What is expected => Transcribe the listing exactly as written. Leave the images out.

Recorded information =>

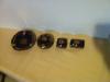 This brooch is large (3" x 2") and weighs 51 grams. Features a cenral oval shaped porcelain plaque with what appears to be a "transfer" painted courting couple minuature signed "Boucher" in script at the bottom. Ornate gold plated open-metalwork frame with a silver colored base metal. I tested the base metal using acids and a touchstore, and the streak did not change when exposed to 14k and Platinum acids. However; I tested another vintage "pot metal" piece and obtained similar results, which is very strange...Anyways, the finding is a one-piece saftey pin that was applied to the backside. I cannot tell if it is original to the piece. This style of pin was patented in the 1940's, I believe. There are no hallmarks whatsoever on the metal, and the only identifiable marking is the Boucher script on the poreclain plaque. The painting appears to be reminiscent of Francios Boucher, which leads me to belive this piece was not created by Marcel Boucher, the well-known Vintage jewelry designer. This piece is in excellent condition - only a approx 1mm sized area on the side of the pin where the plating has worn away. I would appreciate some feedback on this piece, as I have been researching it for a long time and just cannot seem to identify the date of manufacure, material composotion or designer. I would like to list this piece for sale in my Ebay store (Nikki's Estate Jewelry Boutique), but I do not feel comfortable selling items that I am unable to authenticate, and I cannot seem to figure this mystery out on my own. Thanks so much!
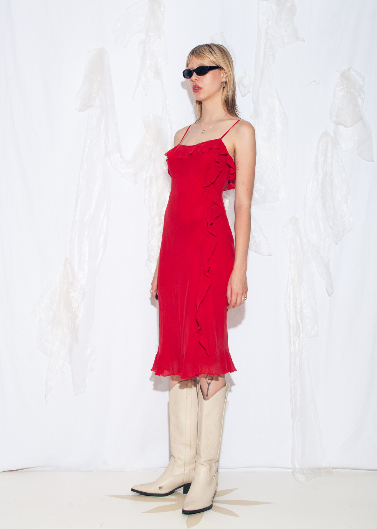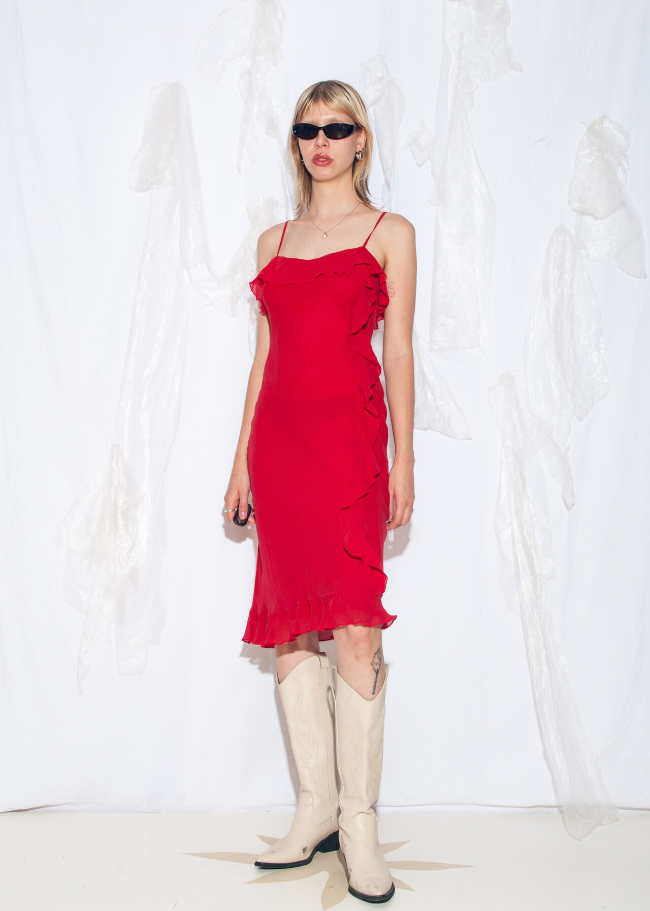 Tags: 2000s style clothing, evening slip dress, frilly party dress, prom outfit, pure silk, red midi dress, y2k vintage fashion
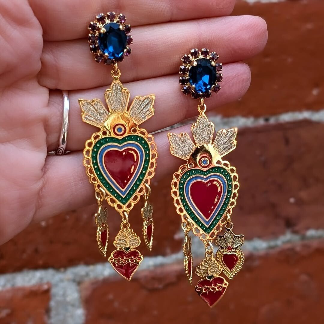 Earrings shine bright. Golden designs catch the eye. Flowers and hearts intertwine beautifully. Bold red centers pop against green accents. This color choice symbolizes love and nature. Top blue gemstones add sparkle, creating contrast. Dangles move gently, adding charm and playfulness.

Solution for this task =>
 This brooch is large (3" x 2") and weighs 51 grams. Features a cenral oval shaped porcelain plaque with what appears to be a "transfer" painted courting couple minuature signed "Boucher" in script at the bottom. Ornate gold plated open-metalwork frame with a silver colored base metal. I tested the base metal using acids and a touchstore, and the streak did not change when exposed to 14k and Platinum acids. However; I tested another vintage "pot metal" piece and obtained similar results, which is very strange...Anyways, the finding is a one-piece saftey pin that was applied to the backside. I cannot tell if it is original to the piece. This style of pin was patented in the 1940's, I believe. There are no hallmarks whatsoever on the metal, and the only identifiable marking is the Boucher script on the poreclain plaque. The painting appears to be reminiscent of Francios Boucher, which leads me to belive this piece was not created by Marcel Boucher, the well-known Vintage jewelry designer. This piece is in excellent condition - only a approx 1mm sized area on the side of the pin where the plating has worn away. I would appreciate some feedback on this piece, as I have been researching it for a long time and just cannot seem to identify the date of manufacure, material composotion or designer. I would like to list this piece for sale in my Ebay store (Nikki's Estate Jewelry Boutique), but I do not feel comfortable selling items that I am unable to authenticate, and I cannot seem to figure this mystery out on my own. Thanks so much!
 Tags: 2000s style clothing, evening slip dress, frilly party dress, prom outfit, pure silk, red midi dress, y2k vintage fashion
 Earrings shine bright. Golden designs catch the eye. Flowers and hearts intertwine beautifully. Bold red centers pop against green accents. This color choice symbolizes love and nature. Top blue gemstones add sparkle, creating contrast. Dangles move gently, adding charm and playfulness.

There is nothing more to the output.